▸ Task details:
Omit all pictures, and print word for word only the lines from the one containing "三、發送AT指令讓M5311" through the end of the data.

▸ Given data:
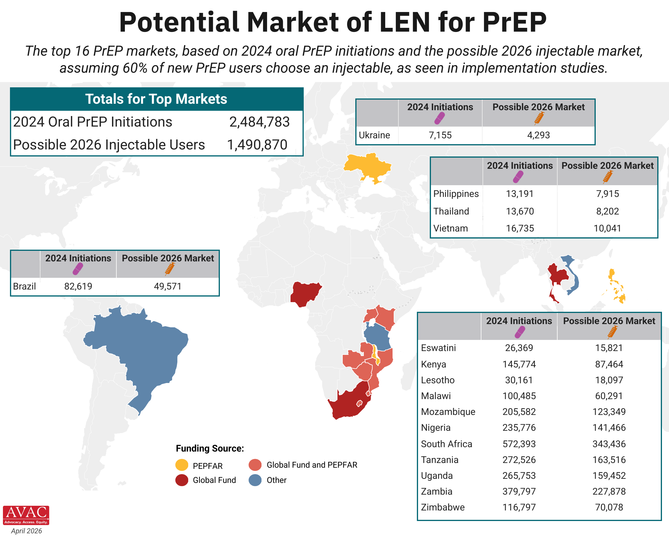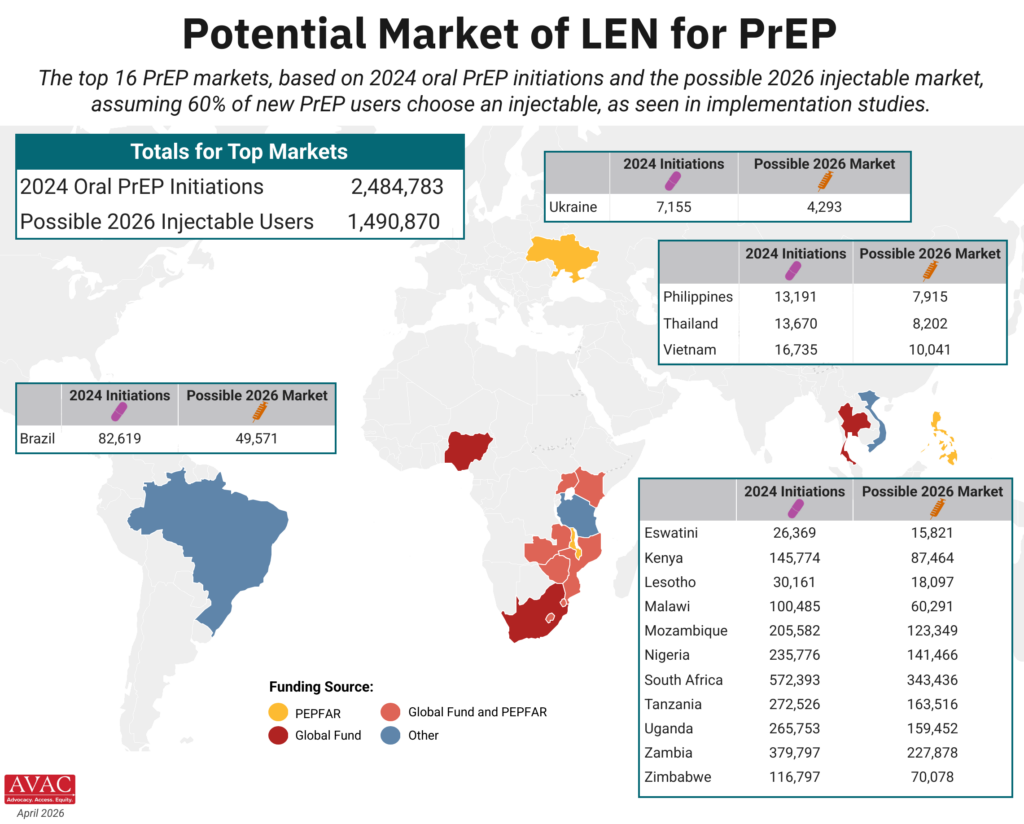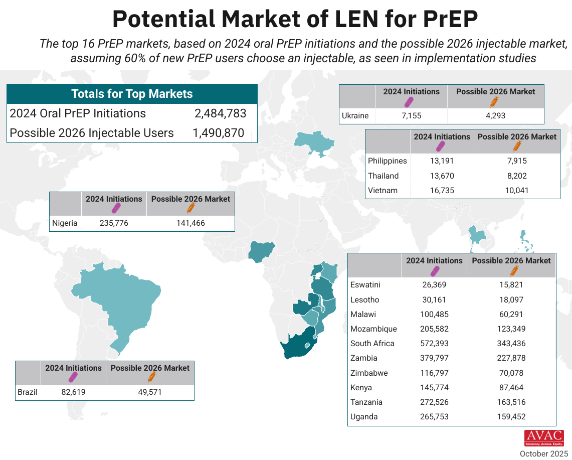 The top 16 PrEP markets, based on 2024 oral PrEP initiations and the possible 2026 injectable market, assuming 60% of new PrEP users choose an injectable, as seen in implementation studies.
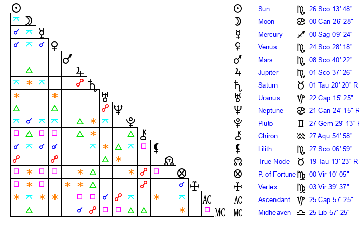 | Sun | 26 Scorpio 14 | 27 Scorpio 35 | 21 Pisces 45 |
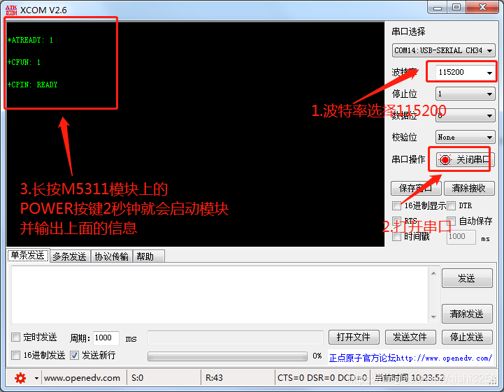 三、發送AT指令讓M5311模塊上線1.返回串口調試助手軟件那里,在輸入框輸入AT指令,然后發送,看看M5311模塊是否返回OK。如果沒有就按一下RST復位按鍵即可。
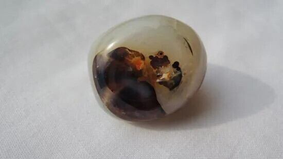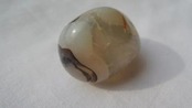 こちらは明るい朱色のような点をもった半透明のアゲートのタンブルです 見事なフラクタルはありませんがアゲートらしいサークルとストライプのパターンが現代アートのようです
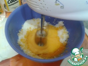 Добавляем размягченное сливочное масло. Взбиваем миксером.
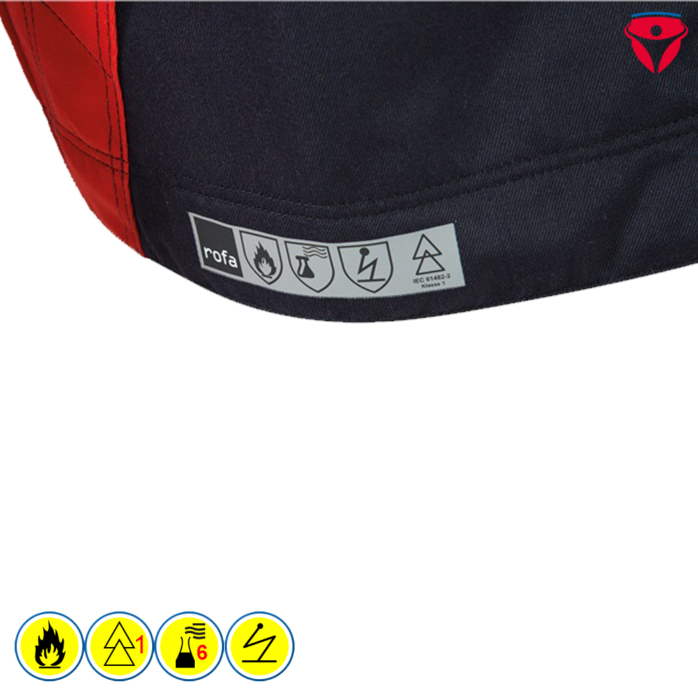 | Schutz vor: | Hitze, Flammen, Antistatik, Chemikalien, Störlichtbogen 1 | 4 kA |
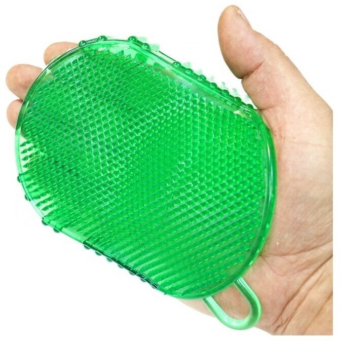 Чудо-варежка, массажер для тела. Имеет две разные поверхности. Более мелкие мягкие иголочки и более крупные пожестче. Активно рекламируется сейчас косметологами. Используется для антицеллюлитного массажа. Удобно применять в ванне с мылом и гелем для тела. Недостатки: Если честно, у меня до него руки не доходят. Раз попробовала и все. Особо не прониклась. Ну, не верю я в действие пупырчатого силикона. Висит в ванной на крючке. Если подумать, то почти все мочалки и щетки - тоже чудо-массажеры. Плюс еще и отмывают наше тело. |
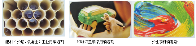 主要适用于建材、化工、油墨、油漆、水性涂料、陶瓷分切等方面的消泡和抑泡。

▸ Result of the exercise:
 三、發送AT指令讓M5311模塊上線1.返回串口調試助手軟件那里,在輸入框輸入AT指令,然后發送,看看M5311模塊是否返回OK。如果沒有就按一下RST復位按鍵即可。
 こちらは明るい朱色のような点をもった半透明のアゲートのタンブルです 見事なフラクタルはありませんがアゲートらしいサークルとストライプのパターンが現代アートのようです
 Добавляем размягченное сливочное масло. Взбиваем миксером.
 | Schutz vor: | Hitze, Flammen, Antistatik, Chemikalien, Störlichtbogen 1 | 4 kA |
 Чудо-варежка, массажер для тела. Имеет две разные поверхности. Более мелкие мягкие иголочки и более крупные пожестче. Активно рекламируется сейчас косметологами. Используется для антицеллюлитного массажа. Удобно применять в ванне с мылом и гелем для тела. Недостатки: Если честно, у меня до него руки не доходят. Раз попробовала и все. Особо не прониклась. Ну, не верю я в действие пупырчатого силикона. Висит в ванной на крючке. Если подумать, то почти все мочалки и щетки - тоже чудо-массажеры. Плюс еще и отмывают наше тело. |
 主要适用于建材、化工、油墨、油漆、水性涂料、陶瓷分切等方面的消泡和抑泡。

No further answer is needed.